◆ **Data extract**:

※ ※ ※

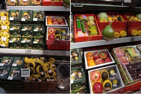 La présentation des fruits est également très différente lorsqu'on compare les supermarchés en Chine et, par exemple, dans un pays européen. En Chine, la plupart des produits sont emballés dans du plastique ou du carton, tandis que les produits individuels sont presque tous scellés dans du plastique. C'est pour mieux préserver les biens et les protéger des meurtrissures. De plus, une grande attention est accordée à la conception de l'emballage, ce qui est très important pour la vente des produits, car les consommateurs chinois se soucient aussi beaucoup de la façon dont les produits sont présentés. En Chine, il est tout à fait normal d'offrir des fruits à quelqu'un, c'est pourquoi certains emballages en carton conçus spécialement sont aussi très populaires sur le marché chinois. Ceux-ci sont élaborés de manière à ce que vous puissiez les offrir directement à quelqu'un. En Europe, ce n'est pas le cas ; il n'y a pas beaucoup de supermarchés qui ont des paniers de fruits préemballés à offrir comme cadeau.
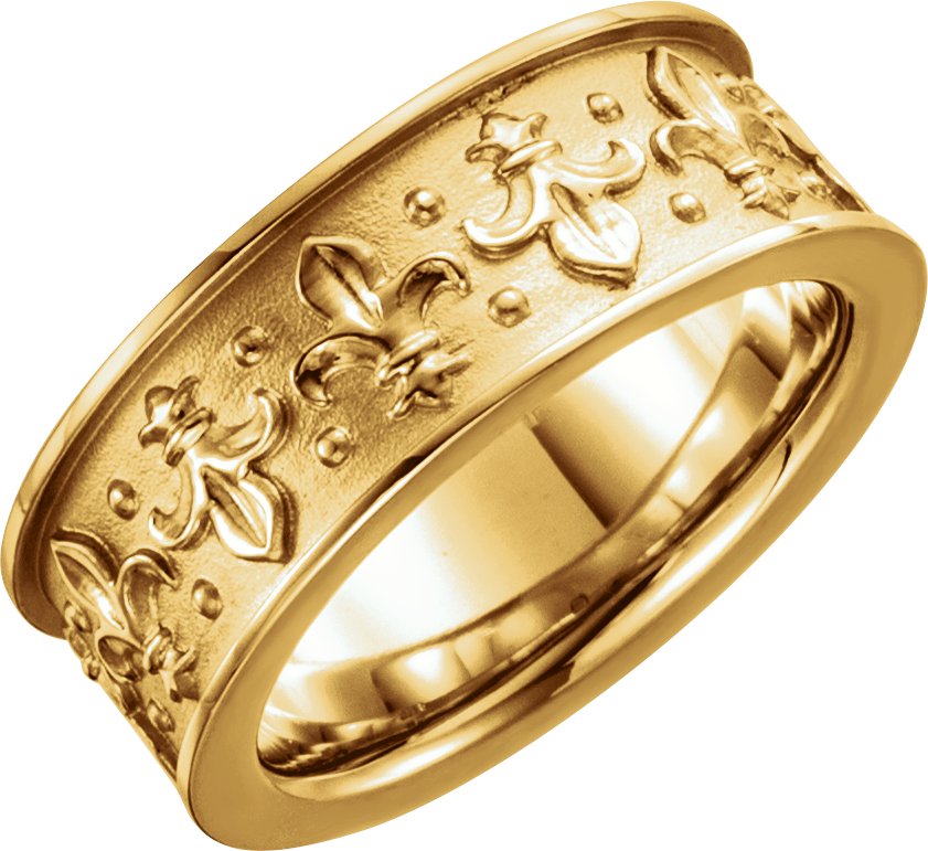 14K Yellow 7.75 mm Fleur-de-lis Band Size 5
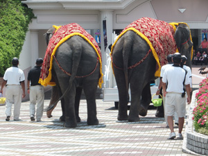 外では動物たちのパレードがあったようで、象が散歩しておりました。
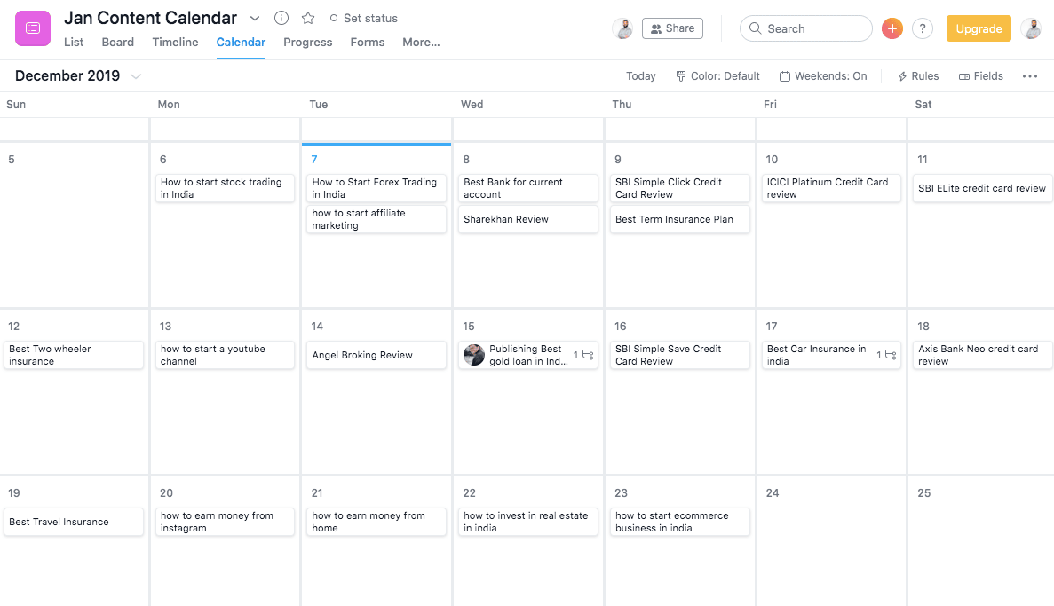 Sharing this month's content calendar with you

※ ※ ※

◆ **What to do**: Transcribe the listing exactly; skip the pictures.

◆ **Written response**:
 La présentation des fruits est également très différente lorsqu'on compare les supermarchés en Chine et, par exemple, dans un pays européen. En Chine, la plupart des produits sont emballés dans du plastique ou du carton, tandis que les produits individuels sont presque tous scellés dans du plastique. C'est pour mieux préserver les biens et les protéger des meurtrissures. De plus, une grande attention est accordée à la conception de l'emballage, ce qui est très important pour la vente des produits, car les consommateurs chinois se soucient aussi beaucoup de la façon dont les produits sont présentés. En Chine, il est tout à fait normal d'offrir des fruits à quelqu'un, c'est pourquoi certains emballages en carton conçus spécialement sont aussi très populaires sur le marché chinois. Ceux-ci sont élaborés de manière à ce que vous puissiez les offrir directement à quelqu'un. En Europe, ce n'est pas le cas ; il n'y a pas beaucoup de supermarchés qui ont des paniers de fruits préemballés à offrir comme cadeau.
 14K Yellow 7.75 mm Fleur-de-lis Band Size 5
 外では動物たちのパレードがあったようで、象が散歩しておりました。
 Sharing this month's content calendar with you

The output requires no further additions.